原因は予想外の場所に潜む!――修理は“気付き”が大切:Wired, Weird(2/3 ページ)
今回は、不具合原因が予想外のところに潜んでいた修理の事例を紹介する。修理したのは、1985年製のボードチェッカー。意外な不具合原因とともに、30年以上、現役を続けるチェッカーの長寿命設計にも驚いた。
大きな問題が……
さて、マザーボード単体をカードラックから取り出そうとしたら大きな問題が見つかった。マザーボードを固定しているアルミの板に基板のガイドが1カ所ネジ止めされていたが、そのネジの固定位置が、なんとマザーボードのコネクタ側にあった。つまり、図1のマザーボードの下でアルミ板とガイドがネジ止めされていた。マザーボードを取り出すためにはコネクタ16個をアルミ板に固定している32個のネジを全て外すしかない。また、マザーボードの50mm上方には操作パネルがあり、50mmの狭い場所で32個ものネジを全て外さざるを得ない。修理作業ではこの32個のネジを外す作業に一番時間がかかった。
なんとかネジを外し、マザーボードを取り出し基板のパターンからマザーボードの回路図を作成した。回路の一部を図2に示す。
図2の右側にある74LS139はCPU基板に実装されており、この信号でAM25LS2539の出力が制御されていた。AM25LS2539でドライブICのSN7606が出力されテスト基板に実装されるP13からP16の基板が選択されていた。P9からP12も同じ回路構成だった。
回路と動作が分かったので、マザーボード単体で5V電源を入れ、実装されたICの動作を確認したが、残念ながらマザーボードに実装されていたICは全て正常に動作した。P12のコネクタのハンダ付け不良の可能性もあったので、念のためにP12のコネクタの端子にハンダを盛り、接続を強化した。
今度は14枚目から
マザーボードには不良箇所が見つからなかったのでテスター本体にマザーボードを再度実装し、テスト基板を入れてチェッカーの動作を再確認することにした。
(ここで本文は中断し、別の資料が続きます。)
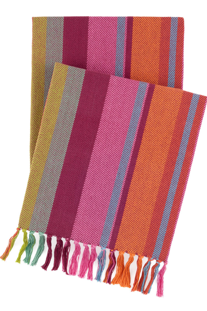 Find your place of perfect happiness with this striped, twill weave cotton throw in a colorful confluence of treasure trove colors. Bring the heat, with sizzling stripes of Burnt Orange, Cerise, Cereulean Blue, Turquoise and Chartreuse. The perfect companion for fireside reading or snuggling-up on the deck and watching the sun go down.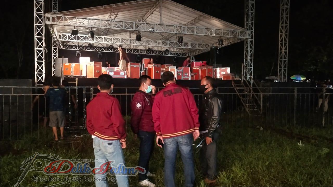 ” Acaranya tidak jadi dimulai mas, dari tadi habis maghrib, banyak anggota polisi maupun TNI yang berjaga di pekarangan dan juga di sekeliling panggung. Sampai artis dan musisi datang mereka tetap berjaga dan melarang untuk naik ke atas pentas, mobil artisnya disuruh putar balik”. Ungkap salah satu warga saat dimintai keterangan di lokasi.

マザーボードのコネクタのネジを1本ずつプラスチックのスペーサを通しアルミの板に固定した。この時、マザーボートを固定していたアルミ板と基板のガイドのネジは取外した。しかし実装したテスト基板のガタツキは全くなくしっかり固定できたので、取り外したネジは不要だと思われた。
テスト基板を16枚全部実装して通電し、自動でテスト基板を確認したら14枚目の基板からの動作不良に変わった。あれ? 最初の不具合確認では12枚目の基板からが動作不良だったのに14枚目からの動作不良に変わった。なぜ、不良の現象が変わったのか? 今までの作業で実施したことはチェッカーからマザーボードを外し、元へ戻しただけなのに?
元に戻しただけなのに?
この作業で不良位置が変わったということは、不良箇所はマザーボードやコネクタではなく、テスト基板に接触不良があったということになる。ネジやネジの固定加工に問題がありそうだ。
早速、マザーボードを再度分解して、固定ネジを確認した。
コネクタの固定ネジ32個を並べて確認したら、なんと1本だけ5mmほど長いネジが見つかった! これが動作不良の原因だ。
この長いネジでコネクタをしっかり締めこんだらネジの先端がテスト基板側に出っ張って、テスト基板と干渉して接触不良を起こす。